Parental influences, or the absence of a parental presence, shape the search for self-identity and possibly determine its trajectory.
But the search for who you are isn’t confined to teenagers. Young adults face critical decisions about mates, careers and lifestyles. Middle age adults encounter what we broadly describe as mid-life crisis that can shake a marriage, launch a new career or land you on a Harley.
At any time in life, someone can encounter a crisis that forces a self-evaluation of personal priorities. You can discover your real pain threshold, the discipline to persevere or the daring to stare down danger. You also can watch yourself disintegrate under pressure.
When you really think about it, life is a continuous carousel of self-discovery. If you are true to yourself, you will keep looking for ways to be yourself.
Being yourself involves a lot more than putting on whatever clothes you feel like in the morning. Being yourself means recognizing your unique set of talents and making the most of them, as only you can.
Many teenagers block out the quest for self-discovery by following the crowd. They wear the same clothes, listen to the same music and act the same so they blend in, not stand out.
Adults push away self-discovery by allowing daily routines of job and family to dominate to the point that their inner resolve to be themselves is dulled. Being what you can be begins to look like just another, sleep-shortening chore.
Bucket lists capture things you still want to do, but they don’t hold much water for what you want to be.

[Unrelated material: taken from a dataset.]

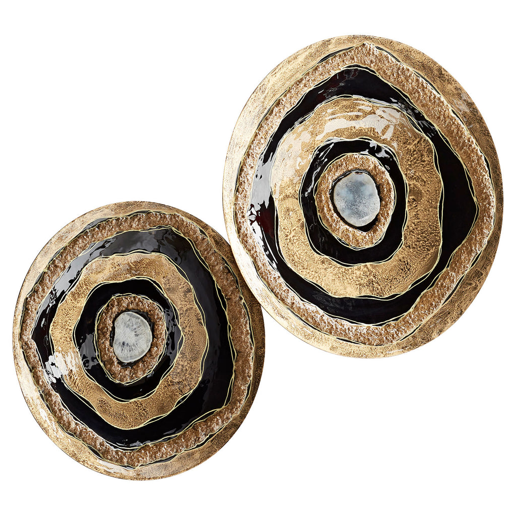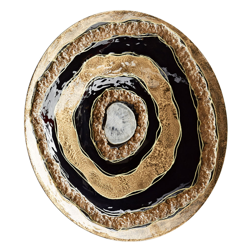 Lend an eclectic feel to your home or office with wood art from Cyan Design. Distinctive and versatile, this unique piece made from natural materials can be the inspiration for a room, or the finishing touch that perfects it. This is a circular structure that features many fine details and texture. Its speckled coating gives slight pops of light to the dark surface with a center stone highlighted in the middle. This piece has many details that elevate its artistic appeal and is perfect for elevating style in living rooms, offices, commercial, and residential spaces. This wall art can also be paired with many different decor styles.
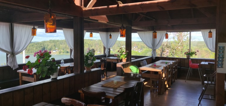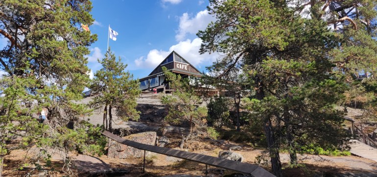 Iltapäiväkahvin aika. Tätä varten ajelimme lyhyen matkan linnalta hauskaan näköalakahvilaan, Uffe på Bergetiin. Paikka on ollut paikallaan pitkään ja lienee Ahvenanmaan legendaarisimpia taukopaikkoja. Näkötorni kohoaa vielä 30 metriä kahvilaa korkeammalle, mutta nykyisin sinne täytyy maksaa kahvilan kassaan parin euron pääsymaksu. Miinus vessoista, jotka ovat pönttöjen osalta huussi-mallia.

Life dreams are often just that, dreams. They can involve more whimsy than will. I dreamed of playing for the New York Yankees, but I never actually thought I would wear pinstripes.
The search for self-identiy boils down to something very different than wishing and dreaming. The search is all about personal decision-making. You discover who you really are by having the courage to become that person.
The biggest variable in discovering your self-identity is what you don’t do, the risk you shy away from taking.
People shun risk because it they fear it may end up in failure. It may. So what? A closed door is just an invitation to find another just-as-appealing door that is open. Failure is one of the best learning tools we have. You know what doesn’t work, so you can trek on to find something that does.
Like most good things in life, your self-identity doesn’t just plop into your lap. You have to get off your duff and go find it, typically one step at a time, frequently without a map or even a flashlight. Remember, it’s your identity, so no one else really has a clue.
The worst self-discovery you can make is that you never gave much effort to finding out your true self-identity. You may be a putz, but the question is did you have to be one? Procrastination and fecklessness may explain why you still have no idea who you are or why you were living, but it won’t justify the missed opportunity of finding a special path that would have been all your own.
We view it as a compliment when someone is said to be “comfortable in his/her own skin.” People comfortable in their own skin usually are people with a pretty good idea of who they are under that skin.
You don’t have to be different than everyone else to be you. You just have to be you.